WHAT THIS TASK INVOLVES -> Pictures stay out of the copy. Retype exactly, and only, the lines from the one containing "Unisex, multicolored metallic" through the end of the listing below.

(DATA SHOWN Opens)

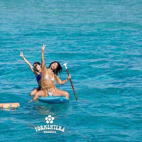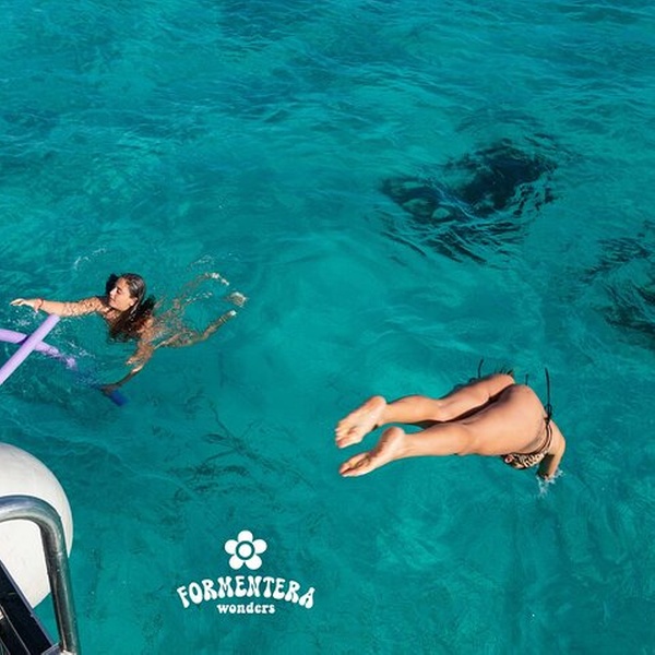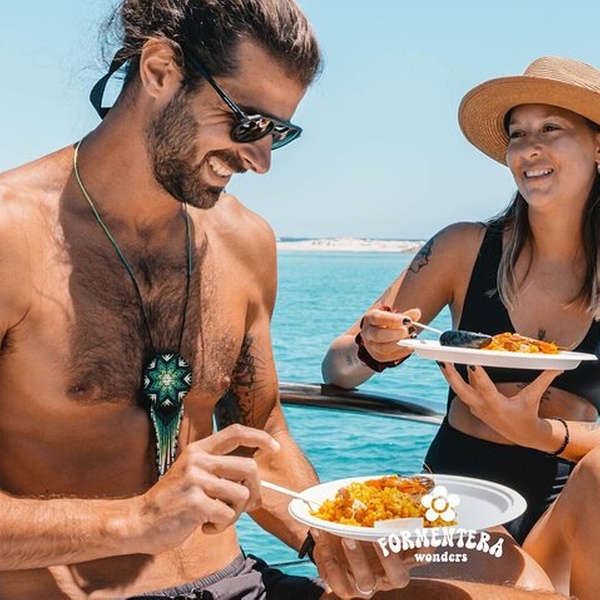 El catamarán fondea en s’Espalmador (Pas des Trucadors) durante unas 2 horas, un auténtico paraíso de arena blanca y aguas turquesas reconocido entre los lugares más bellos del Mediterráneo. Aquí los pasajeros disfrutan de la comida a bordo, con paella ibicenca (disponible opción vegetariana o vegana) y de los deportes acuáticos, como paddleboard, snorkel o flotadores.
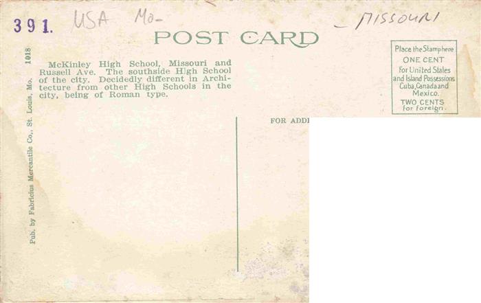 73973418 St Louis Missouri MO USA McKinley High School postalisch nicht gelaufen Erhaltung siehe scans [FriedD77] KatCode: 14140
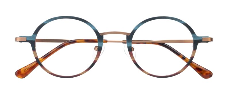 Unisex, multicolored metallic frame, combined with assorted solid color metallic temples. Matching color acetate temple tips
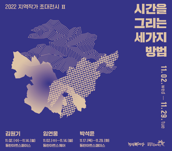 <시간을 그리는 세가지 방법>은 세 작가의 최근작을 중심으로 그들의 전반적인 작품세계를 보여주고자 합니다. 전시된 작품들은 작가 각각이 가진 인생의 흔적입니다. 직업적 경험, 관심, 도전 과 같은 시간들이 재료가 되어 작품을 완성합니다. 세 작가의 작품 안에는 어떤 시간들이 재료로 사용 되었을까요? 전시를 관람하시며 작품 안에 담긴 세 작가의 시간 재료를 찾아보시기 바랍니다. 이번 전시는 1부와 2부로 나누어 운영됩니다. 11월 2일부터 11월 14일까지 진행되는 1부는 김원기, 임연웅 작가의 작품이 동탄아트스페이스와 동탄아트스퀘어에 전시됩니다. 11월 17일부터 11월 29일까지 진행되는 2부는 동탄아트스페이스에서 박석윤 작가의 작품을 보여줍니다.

(DATA SHOWN Closes)

RESULT OF THE EXERCISE ->
 Unisex, multicolored metallic frame, combined with assorted solid color metallic temples. Matching color acetate temple tips
 <시간을 그리는 세가지 방법>은 세 작가의 최근작을 중심으로 그들의 전반적인 작품세계를 보여주고자 합니다. 전시된 작품들은 작가 각각이 가진 인생의 흔적입니다. 직업적 경험, 관심, 도전 과 같은 시간들이 재료가 되어 작품을 완성합니다. 세 작가의 작품 안에는 어떤 시간들이 재료로 사용 되었을까요? 전시를 관람하시며 작품 안에 담긴 세 작가의 시간 재료를 찾아보시기 바랍니다. 이번 전시는 1부와 2부로 나누어 운영됩니다. 11월 2일부터 11월 14일까지 진행되는 1부는 김원기, 임연웅 작가의 작품이 동탄아트스페이스와 동탄아트스퀘어에 전시됩니다. 11월 17일부터 11월 29일까지 진행되는 2부는 동탄아트스페이스에서 박석윤 작가의 작품을 보여줍니다.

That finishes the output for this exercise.